I asked Tracy if there were any ghosts in this historical building, and wasn't surprised when she said 'well actually'. I have a thing about sensing ghosts I must say and I had already noted something! A friendly ghost, Mrs Walsh, was the publican in the 1980s and apparently she still likes to hang out at the Settlers Arms and has a fondness of playing with keys! I would have loved to have said the 1880s but that would be a massive exaggeration!

Settlers Arms offers accommodation, dining and bar.


Settlers Arms was established in 1848. Originally located in Dowling Street, it was relocated to the present site in the 1853. Most of the bricks used were made by convicts. The ‘new’ part of the building, that is located closest to Lord Street, dates back to 1891. In 1901, Settlers Arms became The Courthouse Hotel and was known as such up until 2005 when it once again became, Settlers Arms.

45 Brown Street


I knew as soon as I stepped foot inside the Westwood Dungog Providores I would be spending more money! Yep, I stepped out with 4 pieces of smoked trout! I actually don't eat meat but I do eat fish and I love cheese! The Dungog Providores offers various local grass-fed beef, free-range pork and chicken and other specialities. Westwood Dungog Providores can also supply you with their own free-range smoked bacon and pork ribs.

Award-winning cheeses from Little Creek are available. The range includes flavoured cheddars, feta, labna and haloumi.

Definitely put the shop on your 'to visit' list.

261 Dowling Street


Hive and Gobbler was an eye-opener for me. I felt like I was stepping back into a time when weaving and knitting was part of daily living. I used to love knitting and I have never seen such a variety of beautiful craft products as showcased in this quaint store. Sustainability and support for buy-from-the-bush businesses and producers is a major focus for owners, Brownen and Michael.

I had a tour with Jade, who is one of the employees at Hive and Gobbler, and I have to say I'm beginning to want to pick up those knitting needles again! Check out the website for online ordering and if you are in the area, there are various courses to help you learn how to be creative.

211 Dowling Street


Dungog by Design is a collective of makers living and creating in the Shire. I had a chat with Liz and Gerdi, who gave me a rundown on what Dungog by Design is all about. Here you will find many beautiful handmade items including jewellery, photography, painting, sculpture, textiles and much more. This gallery is the perfect place to shop for that unique gift for someone or to treat yourself to something special. One stipulation, makers, must reside in the Dungog Shire.

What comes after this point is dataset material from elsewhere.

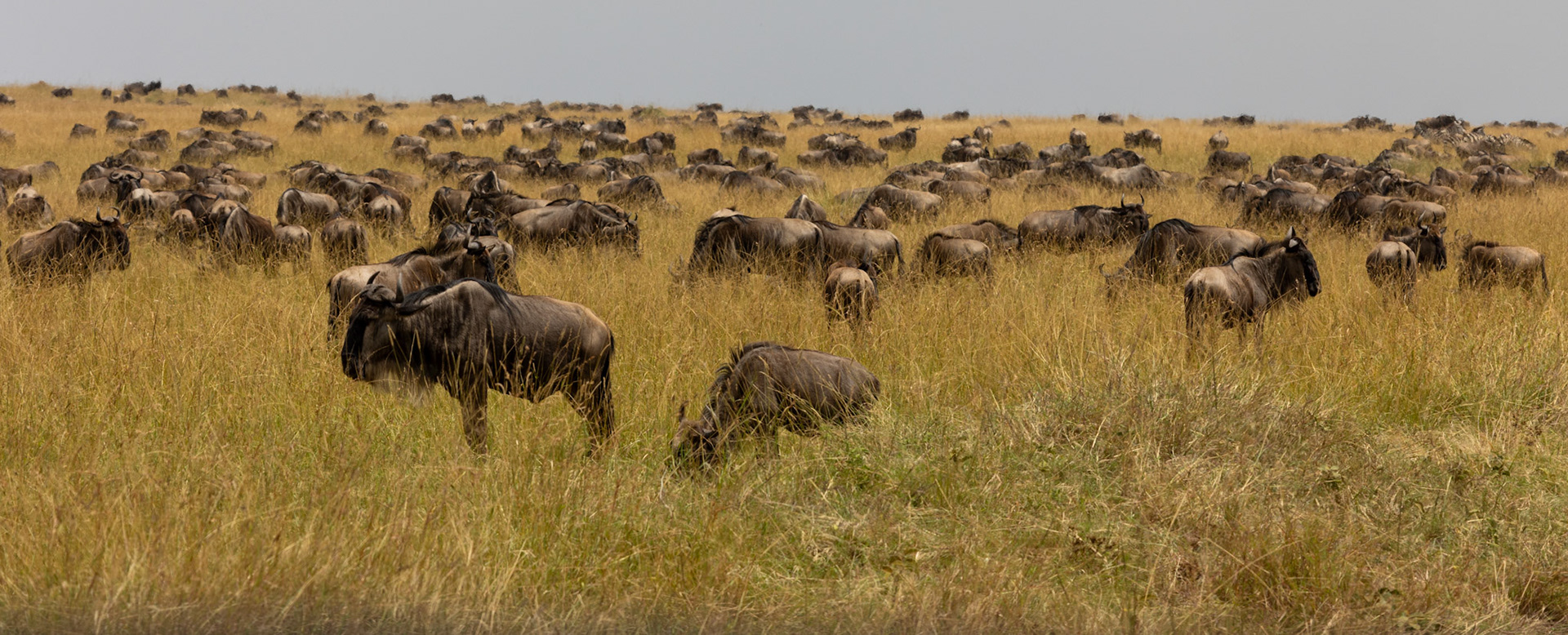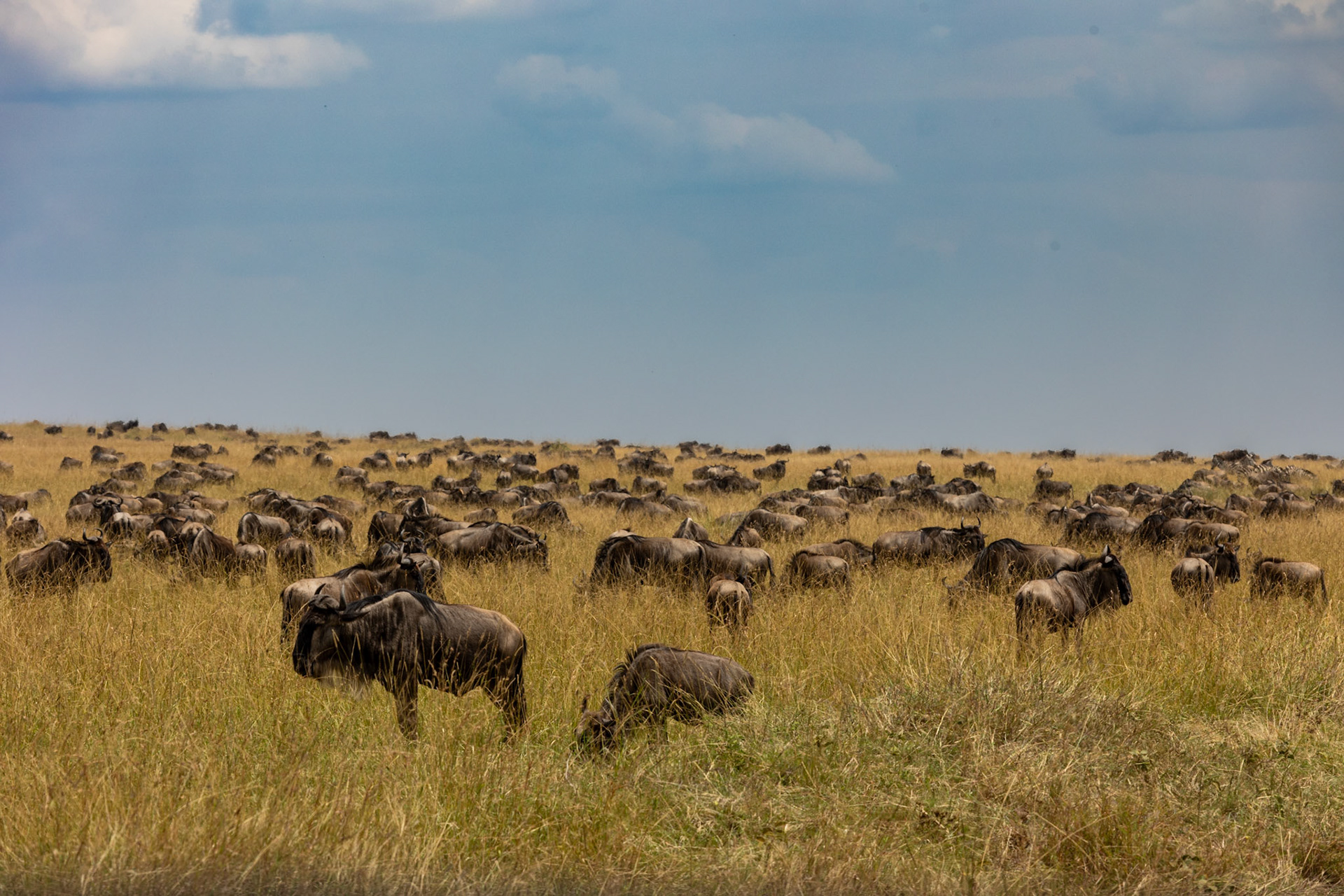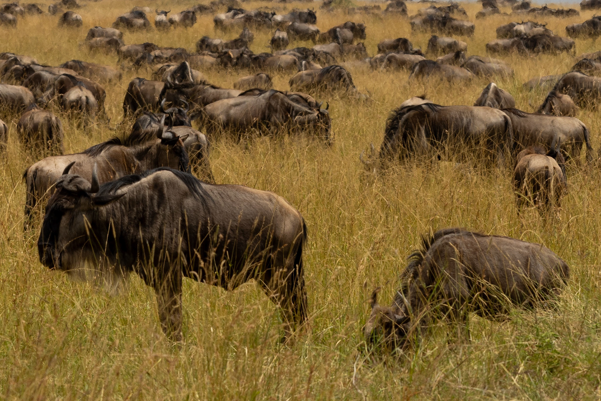 While two wildebeest engage in their hearty meal amidst the verdant plains, others take a moment to rest, painting a peaceful scene of life in the Kenyan wilderness.

224 Dowling Street, Dungog NSW

Dark liquor Dungog

Dark Liquor, operated by Matt Dark, has an excellent selection of wines, beers and spirits. It is an intriguing bottle shop with a great deal of car racing and rugby memorabilia.

2/119 Dowling Street

Tinshed Brewery Dungog

Tinshed Brewery is a locally owned and operated brew pub in the heart of town offering craft beer, terrific food and a relaxed atmosphere with dining outdoors overlooking Dowling Street and views of the surrounding hills.

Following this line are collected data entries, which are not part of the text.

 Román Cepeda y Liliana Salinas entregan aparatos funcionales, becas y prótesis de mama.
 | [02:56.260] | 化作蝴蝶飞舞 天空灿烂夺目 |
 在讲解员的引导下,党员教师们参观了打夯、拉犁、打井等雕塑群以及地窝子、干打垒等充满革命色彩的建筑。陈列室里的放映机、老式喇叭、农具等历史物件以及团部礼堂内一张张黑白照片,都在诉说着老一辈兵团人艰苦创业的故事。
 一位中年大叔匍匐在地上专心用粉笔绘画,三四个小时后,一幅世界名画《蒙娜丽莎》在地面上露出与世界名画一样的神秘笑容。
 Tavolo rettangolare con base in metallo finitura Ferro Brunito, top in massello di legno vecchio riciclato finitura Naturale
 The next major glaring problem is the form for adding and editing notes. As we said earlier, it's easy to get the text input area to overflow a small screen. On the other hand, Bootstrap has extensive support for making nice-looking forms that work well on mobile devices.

The craft beers are all brewed onsite in the microbrewery using both Australian and European ingredients. The menu is created using local produce and a selection of local wines is also available.

109 Dowling Street

James theatre dungog

James Theatre is the oldest purpose-built cinema still operating in Australia and the building is magnificent. The theatre is a multi-purpose facility hosting films, live performances, dance and film classes. The venue is available for private functions, weddings, educational purposes and events. Visit the website to check out what's on.

6 Brown Street

There is much more to Dungog than I have shared here, I ran out of time so I have a great excuse to go back and discover more of the shops, cafes, and restaurants as well as spending some time in the Dungog Common.